# Coyote?



## oldguy (Jun 29, 2013)

Any of you crazies ever tried Coyote meat? Wondering if ya boiled it for a few hours and then cooked it slow for a few day if it would be chewable.


----------



## bar-d (Feb 3, 2010)

I would have to be pretty dang hungry first. Not saying I wouldn't if that's what it came to. Used to buy homemade tamales from an old woman on a street corner in a town I used to live in. Best I ever ate. A guy asked me one time, " have you ever noticed there are no stray dogs or cats around there?". HMMMMM.........

:hunter:


----------



## olsonfia (Mar 12, 2013)

Yotes smell bad enough when ya skin em let alone cook it lol! So i probably wouldn't be eating it unless i absolutley had too. My little brother on the other hand i bet he would. He just told me yesterday that he put a raccoon in the slow cooker and it turned out like pulled pork!


----------



## youngdon (Mar 10, 2010)

I posted my coyote recipe once on the site..completely debone the coyote and place the meat in a plastic bag with a marinade and let it sit overnight I use one cup of olive oil, extra virgin, 3ozs of apple cider vinegar, a teaspoon of garlic, a 1/2 teaspoon of onion salt, a1/4 teaspoon of celery salt, 2 pinches of crushed red pepper(like from your pizza) 2 pinches of cracked black pepper and a healthy pinch of salt, I prefer sea salt. just a small shot of lemon juice and a teaspoon of water help to mix and meld the flavors.

mix all the dry spices and blend them well into the O oil and vinegar let it set for a few hours so the flavors meld before using it (it's good on salad too) to marinate the meat overnight. the next evening remove the meat in the bag from your refrigerator and let it come to room temperature in a dark place such as the bottom of your garbage can.
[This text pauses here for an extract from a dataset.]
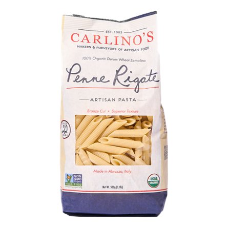 Carlino's very own artisan dried pasta is the perfect addition to your quick dinner! Made in Abruzzo, Italy, and imported so you can have the very best. Our dried pasta is made from 100% organic durum wheat semolina and bronze die-cut for superior texture.
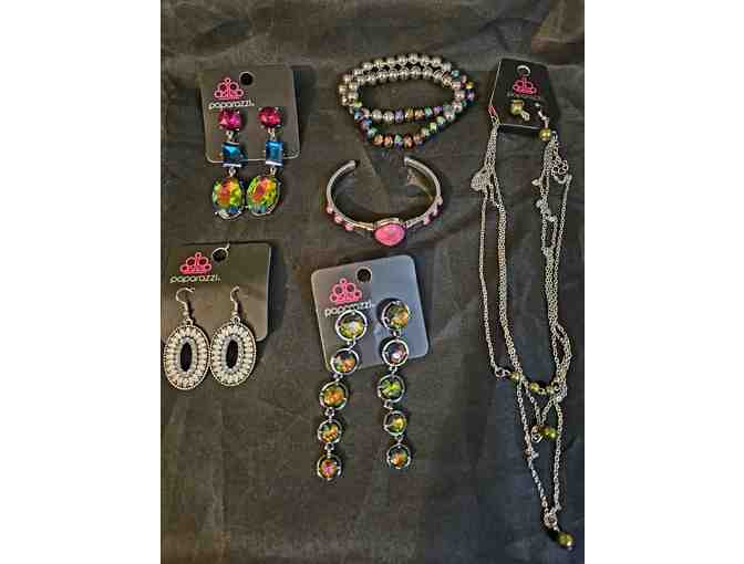 3 pairs of sparkly earrings, 3 bracelets, necklace and earring set, and one bag of dill pickle flamin hot cheetos (highly sought after expiration 5-25

Once it is at room temp change clothes and take the wife or GF to a nice dinner. This goes well with either a Malbec ( I prefer Argentinian) or a Gewurztraminer.


----------



## youngdon (Mar 10, 2010)

olsonfia said:


> Yotes smell bad enough when ya skin em let alone cook it lol! So i probably wouldn't be eating it unless i absolutley had too. My little brother on the other hand i bet he would. He just told me yesterday that he put a raccoon in the slow cooker and it turned out like pulled pork!


Sounds like he was pulling your pork..............


----------



## fulch (Apr 2, 2013)

Hahaha.....gross


----------



## olsonfia (Mar 12, 2013)

Lol don. You must b in a rowdy mood today! :lol:


----------



## sneakygroundbuzzard (Nov 1, 2012)

didnt we have a big long thread about this a while back?

and yes SG, me too lol

i would be willing to give it a try

just like i plan on trying wolf if and when i kill one,along with bobcat etc.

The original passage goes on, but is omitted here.